The problem >>
In the data below, begin at the line with "La cúrcuma, un" and stop after the line with "生成式人工智能(GenAI)"; output those lines exactly and no pictures.
[Opening Provided entries section]
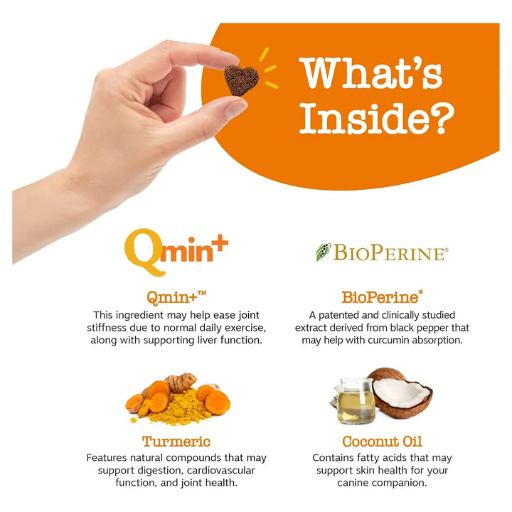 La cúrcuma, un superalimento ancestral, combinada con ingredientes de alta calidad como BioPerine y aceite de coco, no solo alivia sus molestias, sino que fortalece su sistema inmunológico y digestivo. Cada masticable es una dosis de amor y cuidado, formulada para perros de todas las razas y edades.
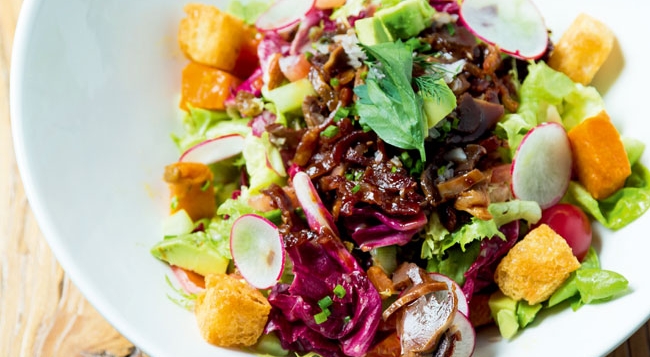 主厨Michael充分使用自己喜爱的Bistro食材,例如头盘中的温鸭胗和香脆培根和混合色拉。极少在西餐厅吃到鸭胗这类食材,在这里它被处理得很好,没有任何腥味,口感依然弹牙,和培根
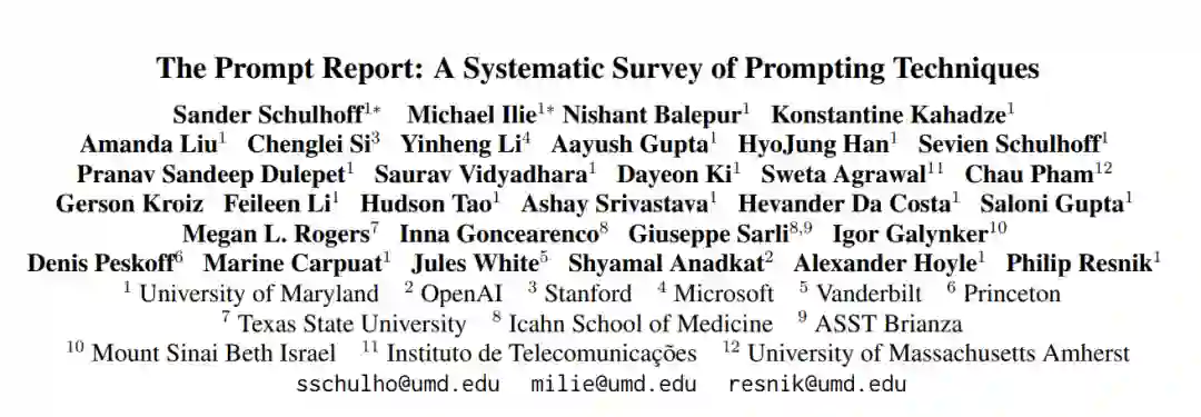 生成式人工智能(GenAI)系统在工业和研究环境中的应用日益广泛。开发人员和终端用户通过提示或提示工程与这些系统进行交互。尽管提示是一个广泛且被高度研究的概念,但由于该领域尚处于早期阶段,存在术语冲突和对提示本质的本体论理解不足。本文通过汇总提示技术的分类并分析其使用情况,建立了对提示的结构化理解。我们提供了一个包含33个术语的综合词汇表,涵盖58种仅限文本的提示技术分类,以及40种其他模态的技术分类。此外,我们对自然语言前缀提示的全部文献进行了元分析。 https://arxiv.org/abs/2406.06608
[Closing Provided entries section]
[Opening Provided entries section]
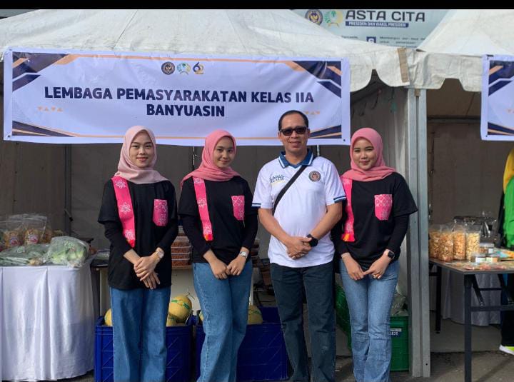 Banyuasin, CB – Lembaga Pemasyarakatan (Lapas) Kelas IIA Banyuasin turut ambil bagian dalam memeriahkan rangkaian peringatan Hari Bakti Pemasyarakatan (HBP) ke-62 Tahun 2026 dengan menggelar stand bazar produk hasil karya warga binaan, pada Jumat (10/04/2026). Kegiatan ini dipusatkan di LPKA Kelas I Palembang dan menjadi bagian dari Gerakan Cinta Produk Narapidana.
[Closing Provided entries section]
[Opening Provided entries section]
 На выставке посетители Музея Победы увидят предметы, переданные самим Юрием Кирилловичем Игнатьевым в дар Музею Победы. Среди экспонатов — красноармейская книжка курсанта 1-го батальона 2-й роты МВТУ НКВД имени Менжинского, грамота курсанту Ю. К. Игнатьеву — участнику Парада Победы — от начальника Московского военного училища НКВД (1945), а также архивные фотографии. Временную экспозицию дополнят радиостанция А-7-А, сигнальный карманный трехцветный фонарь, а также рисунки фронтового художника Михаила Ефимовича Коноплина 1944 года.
[Closing Provided entries section]
Output of the exercise >>
 La cúrcuma, un superalimento ancestral, combinada con ingredientes de alta calidad como BioPerine y aceite de coco, no solo alivia sus molestias, sino que fortalece su sistema inmunológico y digestivo. Cada masticable es una dosis de amor y cuidado, formulada para perros de todas las razas y edades.
 主厨Michael充分使用自己喜爱的Bistro食材,例如头盘中的温鸭胗和香脆培根和混合色拉。极少在西餐厅吃到鸭胗这类食材,在这里它被处理得很好,没有任何腥味,口感依然弹牙,和培根
 生成式人工智能(GenAI)系统在工业和研究环境中的应用日益广泛。开发人员和终端用户通过提示或提示工程与这些系统进行交互。尽管提示是一个广泛且被高度研究的概念,但由于该领域尚处于早期阶段,存在术语冲突和对提示本质的本体论理解不足。本文通过汇总提示技术的分类并分析其使用情况,建立了对提示的结构化理解。我们提供了一个包含33个术语的综合词汇表,涵盖58种仅限文本的提示技术分类,以及40种其他模态的技术分类。此外,我们对自然语言前缀提示的全部文献进行了元分析。 https://arxiv.org/abs/2406.06608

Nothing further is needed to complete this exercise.